I have two LCD TVs with DTAs and am able to display the affiliate's HD signal by using a antenna/cable switch and a duplex splitter.
The signal first goes through a duplex splitter and is split between the DTA and the antenna side of a antenna/cable switch. The signal that goes through the DTA is then routed into the cable side of the antenna/cable switch. If I want to watch the affiliates in HD all I do is switch the antenna/cable switch to 'antenna' and make sure I have auto searched all of the HD signals. Since your TV is set to channel "3 or 4" to use the DTA you never have to auto search more than once. If I want to use the DTA to watch TV I switch the antenna/cable switch to cable and am ready to go.
I hope this is clear as mud.
 
As I understand it the Local affiliate's HD signal is not provided by Comcast, the HD signal somehow "piggy-backs" on the cable so that any LCD TV that has a 'QAM' tuner can pick up the signal from your cable and display it in HD. Comcast Tech support says that Comcast has nothing to do with the affliate's HD signal and did not appear to be concerned about its use.
I have two LCD TVs with DTAs and am able to display the affiliate's HD signal by using a antenna/cable switch and a duplex splitter.
The signal first goes through a duplex splitter and is split between the DTA and the antenna side of a antenna/cable switch. The signal that goes through the DTA is then routed into the cable side of the antenna/cable switch. If I want to watch the affiliates in HD all I do is switch the antenna/cable switch to 'antenna' and make sure I have auto searched all of the HD signals. Since your TV is set to channel "3 or 4" to use the DTA you never have to auto search more than once. If I want to use the DTA to watch TV I switch the antenna/cable switch to cable and am ready to go.

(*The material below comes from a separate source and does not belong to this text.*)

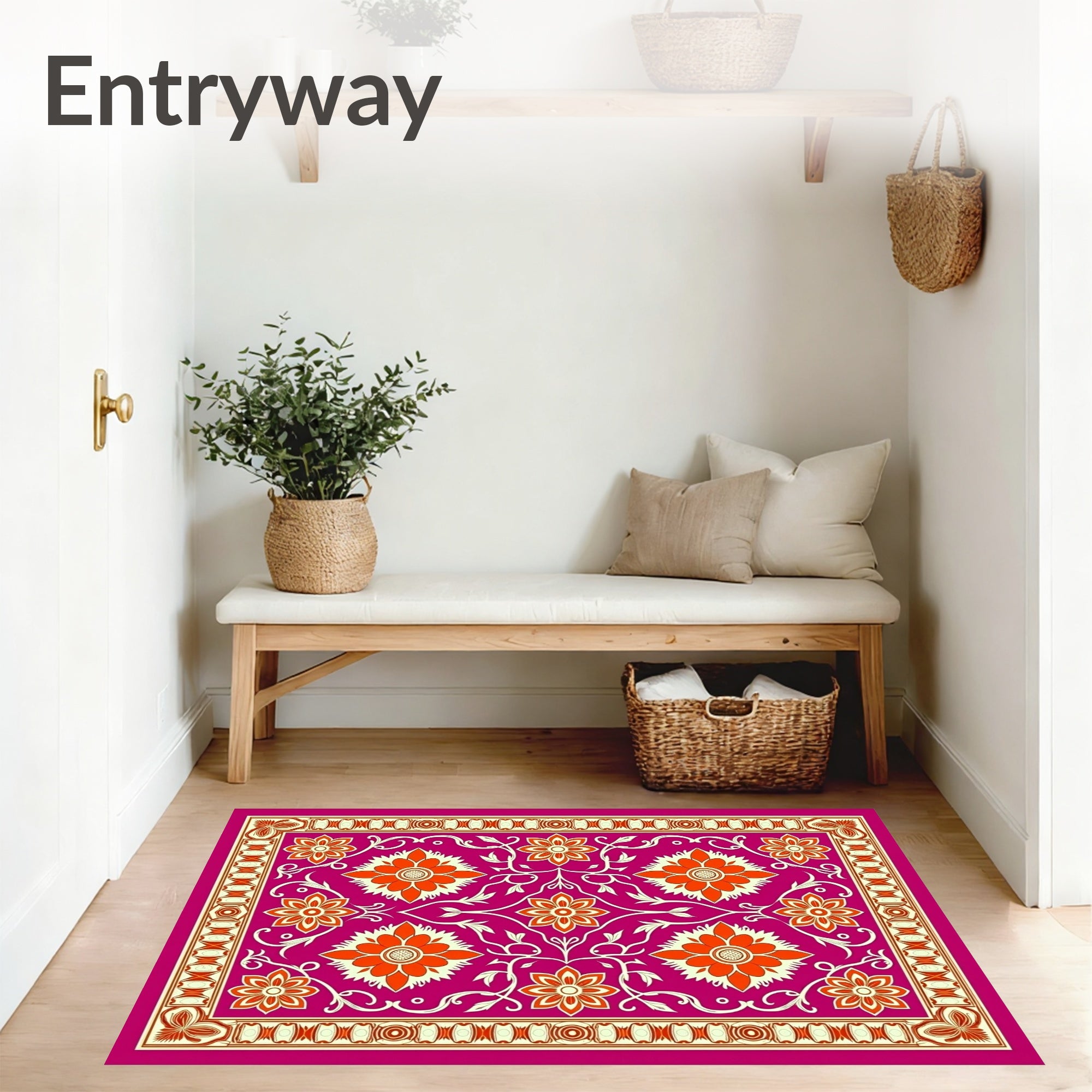 Flatwoven High Traffic Area Rug, Elegant Floral Medallion with Layered Petal and Vine, Non Slip, Stain Resistant, Washable Area Rugs for Living Room, Bedroom (Pink) Overview:

I hope this is clear as mud.

Well, that's the theory. In reality, cable operators change the mapping of the QAM pass through channels every few months in order to meet their bandwidth needs. In addition, several members have reported that their local systems have totally removed the QAM feeds and now require a box to receive locals.

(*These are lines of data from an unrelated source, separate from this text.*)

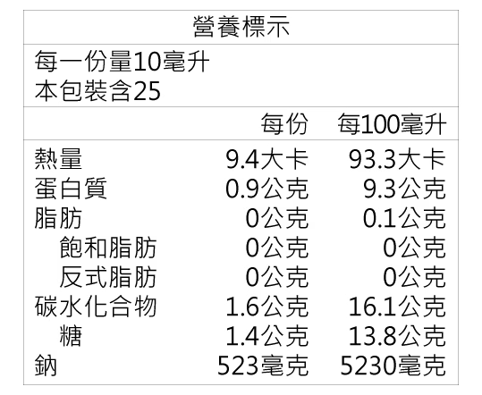 原 料:水、黃豆(非基因改造)、小麥、砂糖、食鹽、柴魚萃取液、酵母抽出物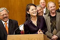 On September 25, 2007, she was appointed to replace the embattled San Francisco Supervisor Ed Jew, who was then suspended for alleged official misconduct.[16] The District 4 seat remained vacant for five and a half hours until Mayor Newsom appointed her to succeed Jew for the remainder of Jew's term.[17] Chu ran for election after Jew's term expired, and on November 4, 2008, she was elected by the voters as supervisor of District 4 for the term January 2009 to January 2011. Chu was re-elected as supervisor representing the Sunset/Parkside District for a four-year term in November 2010.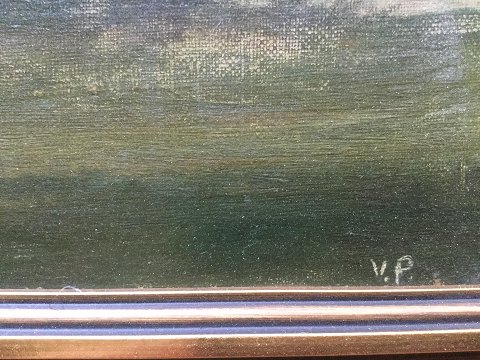 Vilhelm Pacht (1854-1926): Landskab med mølle. Olie på lærred. Sign.: V.P. Nyere guldramme. 18x29 (30x41)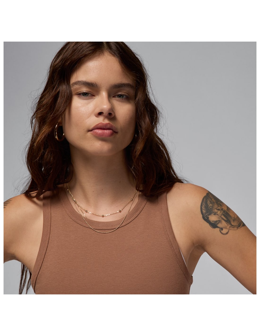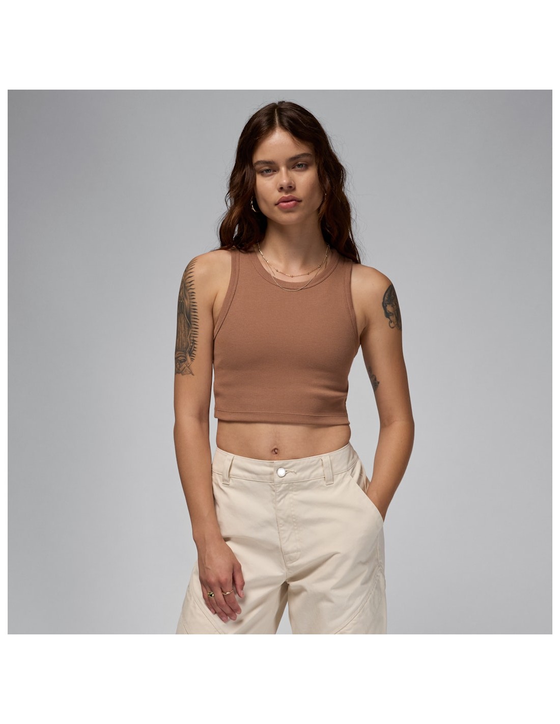 Elevate your workout wardrobe with the Jordan Women's Tank Archaeo Brown. This stylish tank top features a modern design with a flattering fit that will keep you comfortable and looking great during your activities.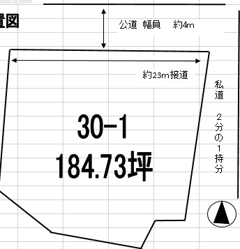 | 接道状況 | 一方 (南側 公道4.0m 間口23.0m) | ||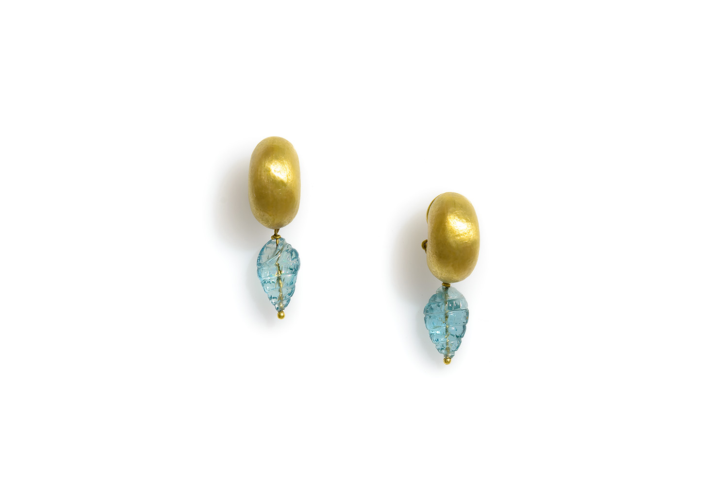 Xρυσά σκουλαρίκια 18 καρατίων με σφυρήλατη επιφάνεια και μοναδικές aquamarines σε σχήμα κοχυλιού. Χρυσό 18κ χειροποιήτο κούμπωμα. Μοναδικό κομμάτι. Μήκος : 3,5cm.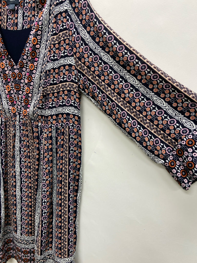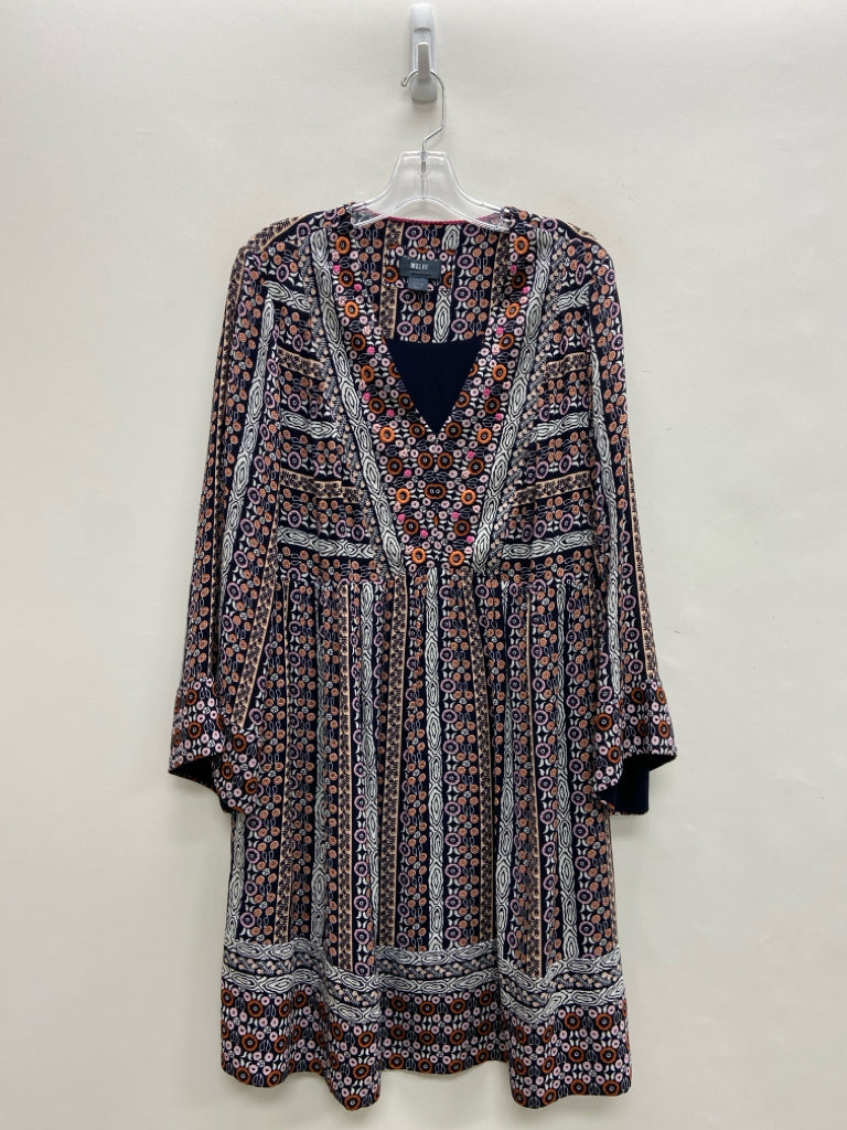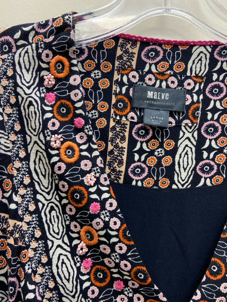 Maeve Size L Navy/White Orange/Pink Stripes/Flowers V Neck Ladies Dress

I didn't think the latter case was legal, but the operators seem to be getting away with it.
 
As I understand it the Local affiliate's HD signal is not provided by Comcast, the HD signal somehow "piggy-backs" on the cable so that any LCD TV that has a 'QAM' tuner can pick up the signal from your cable and display it in HD. Comcast Tech support says that Comcast has nothing to do with the affliate's HD signal and did not appear to be concerned about its use.

Yes and no. The Local's provide a more raw digital feed to the Cable company. The Cable company still puts the QAM modulation on it to put it up on a cable channel. They can easily encrypt it if they wanted too.